# Press this if u live in malaysia



## Nveysalli (Apr 1, 2015)

Ok have been looking for slingshots all around malaysia and have only seen the wooden types. Does anyone know a slingshot shop or a place that sells metal or steel slingshots, and where could I buy steel ammo.

This is the type I find

Ps. Please don't say eBay or Amazon or online website.


----------



## unkraut (Feb 1, 2014)

Moin moin,

Made of cast aluminum itself

over 5:20











https://www.youtube.com/results?search_query=slingshot+alu+giessen

Gruss


----------



## Chuck Daehler (Mar 17, 2015)

If you can't find a store you may want to cruise this site and copy some images of ideas and either make one like most of us do here or have someone make one for you, either a metal shop for a "wire frame" slig shot such as a Trumark or Marksman or a carpentry shop to make a wooden one of hard plywood about 1.5cm or more thick. You will then need to find rubber either flat or tube and a little piece of good leather you can cut for the pouch. Ammo can be glass marbles, lead fishing shot, lead shotgun shot, ball bearings or pieces of rebar which reinforces concrete cut in 10mm long sections.

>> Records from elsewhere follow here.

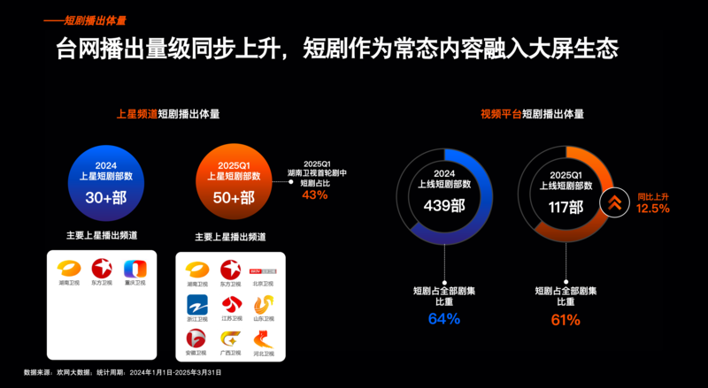 如今,短剧已经进入到了大屏视野。2024,上星短剧部数达到了30+部,2025Q1上星短剧部数50+部,从量级上是颠覆性的提升。电视台对于短剧的认可和信任,已经从数据上体现出来了。视频平台方面,Q1短剧播出体量则同比上升12.5%。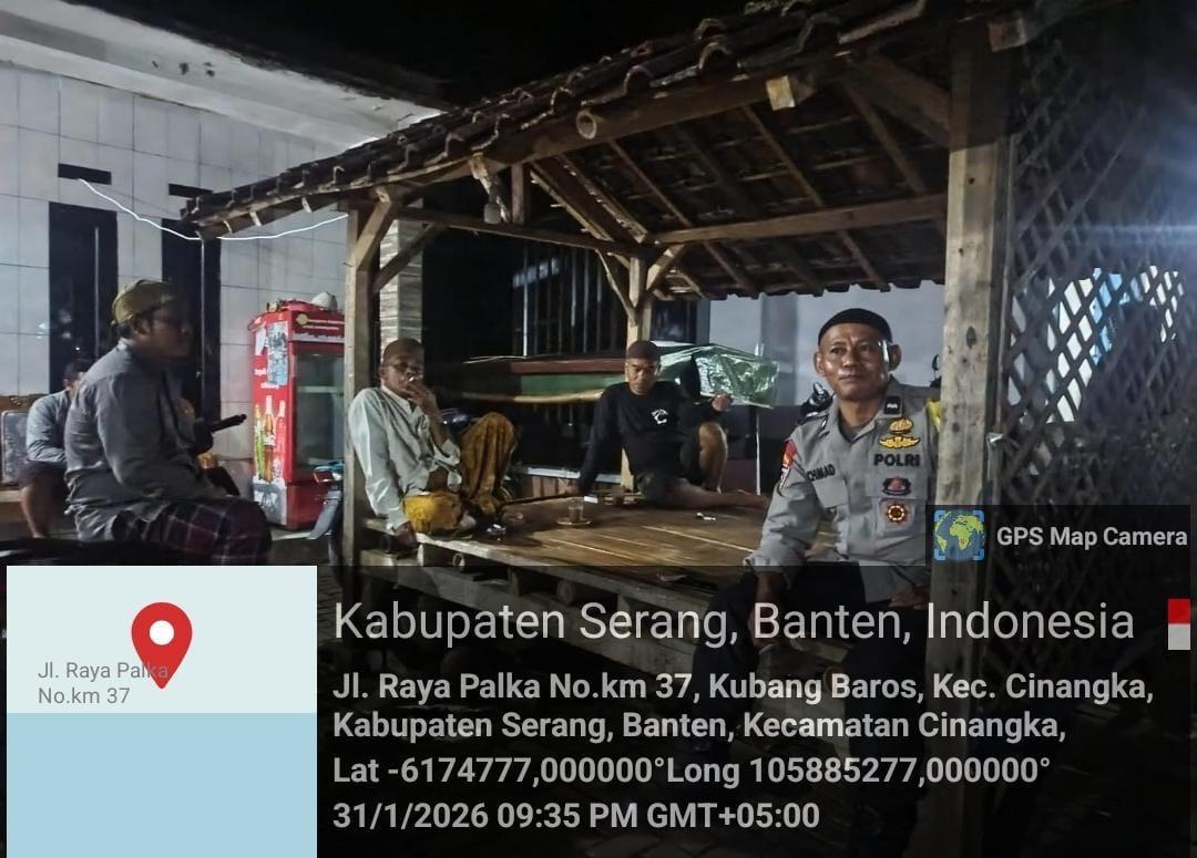 *Polres Cilegon* || Personil Bhabinkamtibmas Polsek Cinangka melaksanakan Program Komandan Wish Kapolda Banten RONDA SATKAMLING menyampaikan komunikasi dengan Petugas Siskamling agar berperan aktif dalam menciptakan Harkamtibmas yang aman dan Kondusif, Minggu (01/02/2026).
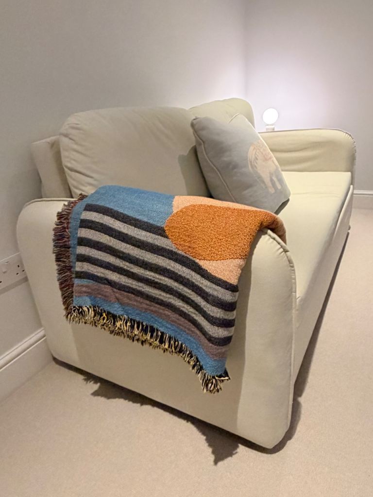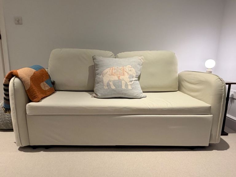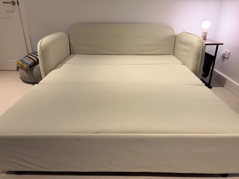 Selling our sofa bed as we make space to repurpose the room. It functions well as both a sofa and easily converts to a (nearly) king sized bed in seconds. Bed dimensions are 185cm x 150cm.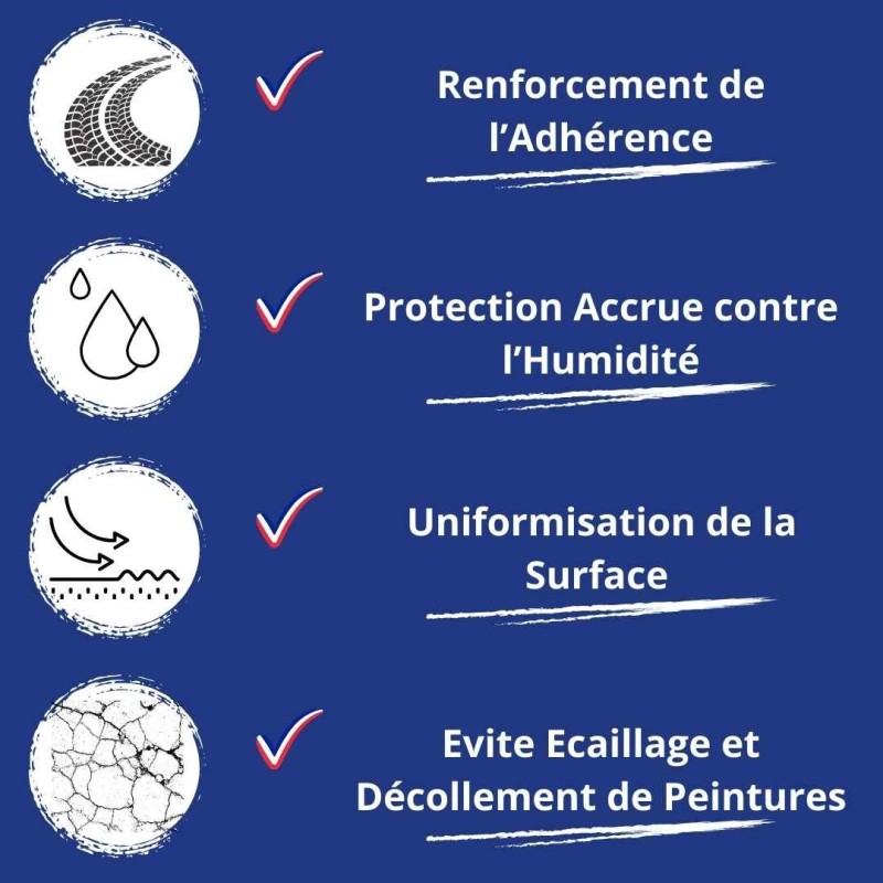 Cet apprêt à base d'eau facilite l’accrochage de la peinture de finition à venir en diminuant le risque de détrempe lors de l'application. Par la suite, ce primaire peut facilement être recouvrable par des peintures à base de résines alkydes, glycérophtalique, acrylique ou vinylique par exemple. En fait, l'application de ces produits reste souvent nécessaire avant d'utiliser la peinture de finition décorative finale. En effet, l'objectif de ces produits est bien de renforcer la tenue de l'ensemble du système de peinture pour une meilleure résistance dans la durée.

You will need to make a "catch box" as a target area which prevents your ammo from being lost. Use a large cardboard box with a rod or wood pole stuck through it onto which you hang cloth, either old clothes or whatever to stop the ammo. The ammo will fall mostly in the box if the rod is almost all the way in the back of the box. Put a sheet of plastic in front of the box for when ammo bounces out or place the catch box on concrete or other floor. A catch box ought to be about a half meter wide, half meter high and half meter deep and start shooting at about four meters until you mater hitting a 10 cm target, then move back meter by meter. The "standard" range is 10 meters but that isn't important, whatever range you like is what you use. It's fun to vary ranges.


----------



## Moo Kim Yee Albert (Dec 21, 2016)

Hi have you got your slingshot? I can show you a place where you can get all the production slingshots that interest you, from as low as RM5 to a high of above Rm400. Hope to get in touch.


----------



## Hirofumi Lee (Dec 25, 2016)

HI Guys,

Im new here and was wondering if any one here could guide me to a shop , not online, where i can buy slingshots and ammo from. Appreciate your reply!

Living in KL

Thanks


----------



## pult421 (Aug 13, 2015)

Hirofumi Lee said:


> HI Guys,
> 
> Im new here and was wondering if any one here could guide me to a shop , not online, where i can buy slingshots and ammo from. Appreciate your reply!
> 
> ...


 there are no slingshot shops.. walmart might have items that would make ya think youre in a slingshot store.. but barely.


----------



## Hirofumi Lee (Dec 25, 2016)

pult421 said:


> Hirofumi Lee said:
> 
> 
> > HI Guys,
> ...


Thanks , but there are no Walmarts where I live; abroad.  Will try some of the hypermarkets here. There are tons online but I want to see the physical product before buying.


----------



## Toolshed (Aug 4, 2015)

Sounds like we have a LOT of malaysians not on the google map. ;-)

Hint hint hint


----------



## allan (Apr 4, 2010)

The only quality production slingshots you can buy off the shelf in Malaysia are the Barnett ones available from tackle shops. Get your ammos from junkyards, they sell them by the kilos. Don't buy the Dankung copy from the night market, they are made from pot metal.
Another option is for you to make yourself a custom slingshot with the abundance of hardwood available locally. Good luck!

Sent from my Lenovo A5500-HV using Tapatalk


----------